Data Mining : Problem #5
Problem #5 = Problem #3
Let's return to problem #3, sequence mining. The problem is the same (either course enrollments or wikipedia categories), but this time you need to think -- and report -- more about what you, how you do it, and why you do it like that.
Contents of the work
You are supposed to implement an algorithm. (You may continue and improve your previous one, and you may use extend existing implementations in a non-trivial way.) Your algorithms should be based on sequence mining, not on frequent itemset mining. Your algorithm should follow the spirit of frequent pattern mining as described in the book, i.e., to explore the search space in a scalable manner (e.g., breadth-first search like in Apriori, depth-first search, FP-growth, or other approaches described in the book). Shortcuts using brute-force methods should not be used, even if they may work out with these relative small data sets.

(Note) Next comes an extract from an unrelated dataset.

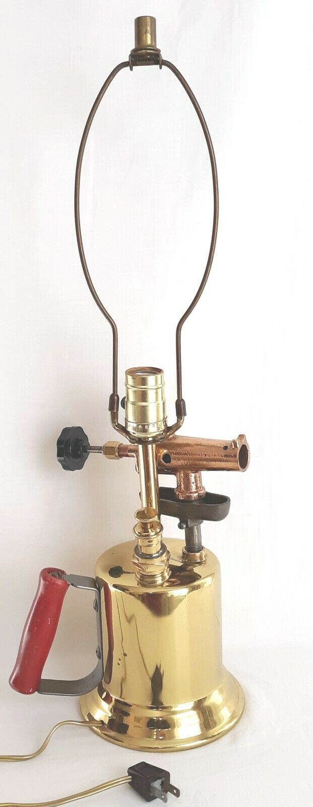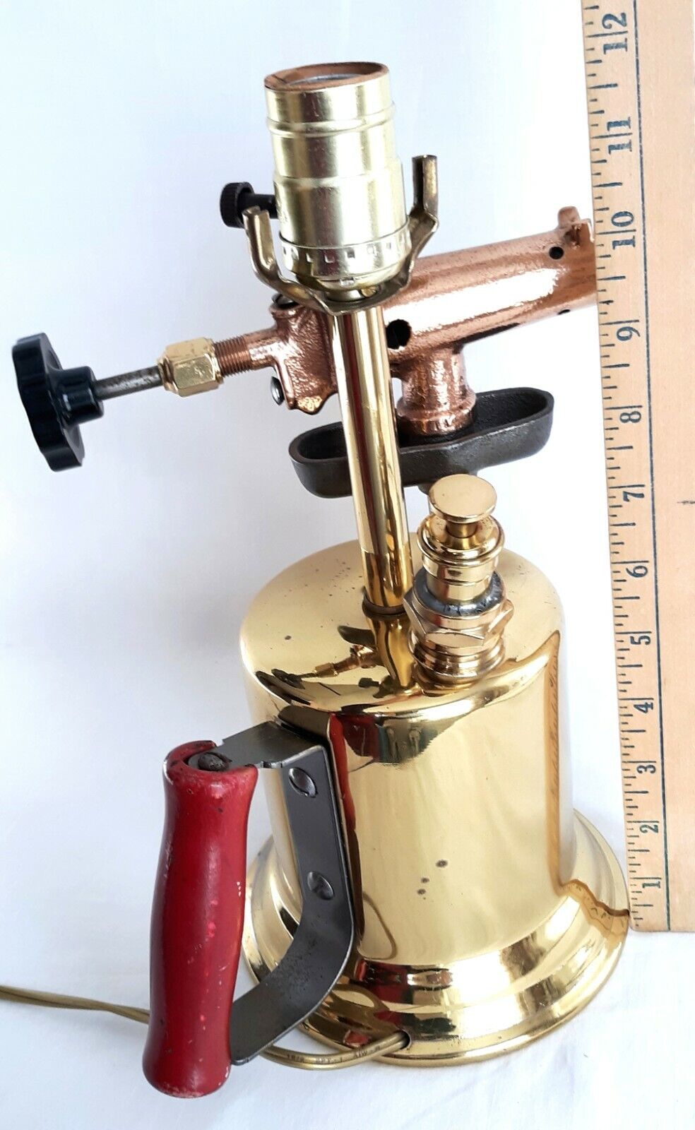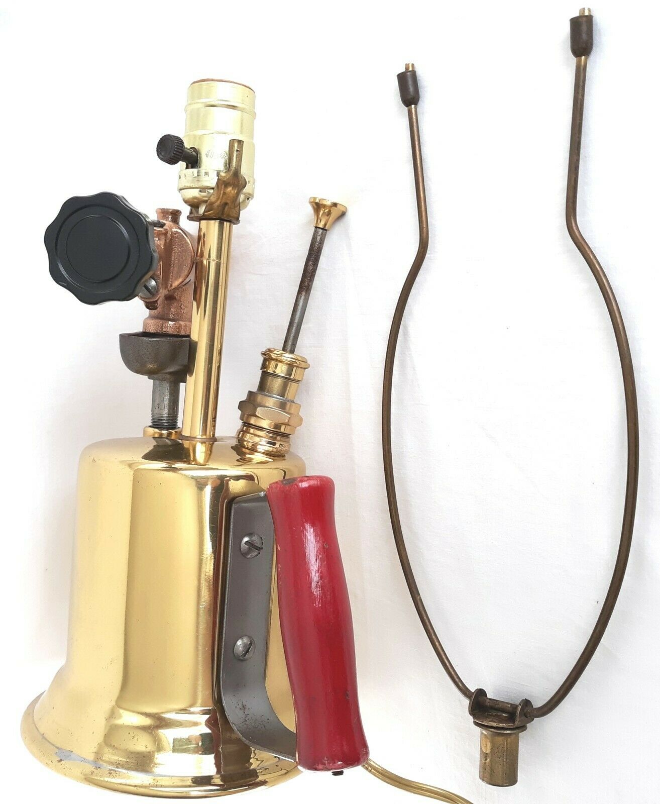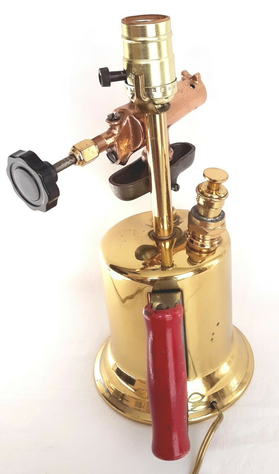 Antique Old Reclaimed Salvaged Decorative Upcycled Welding Blow Torch Electric Lamp Polished Brass

Alternatively, you may continue working on Problem #4 (species and environments). The general remarks and requirements hold. However, instead of sequence the emphasis is on clever use of continuous variables and hierarchies. The handling of at least either one should be built into the algorithm (especially candidate generation), not done simply as a pre-processing step.
Report
The report should define or at least describe in detail
- the pattern language used
- including a specification of when a pattern matches a data sequence
- the structure of the search space,
- including a specification of when a pattern is a subpattern of another one
- the candidate generation method (not the code, but the specification)
- including a justification for it, explaining issues such as coverage of all frequent patterns and efficiency
- the support counting procedure.
Pay attention that your implementation really works according to your specification!
Schedule
The specification part is submitted first, by Tue, 19 April. This is to help you focus on the problem first.
The rest of the report (including your solution to the problem and self-reflection of the group work) is submitted by Thu, 28 April.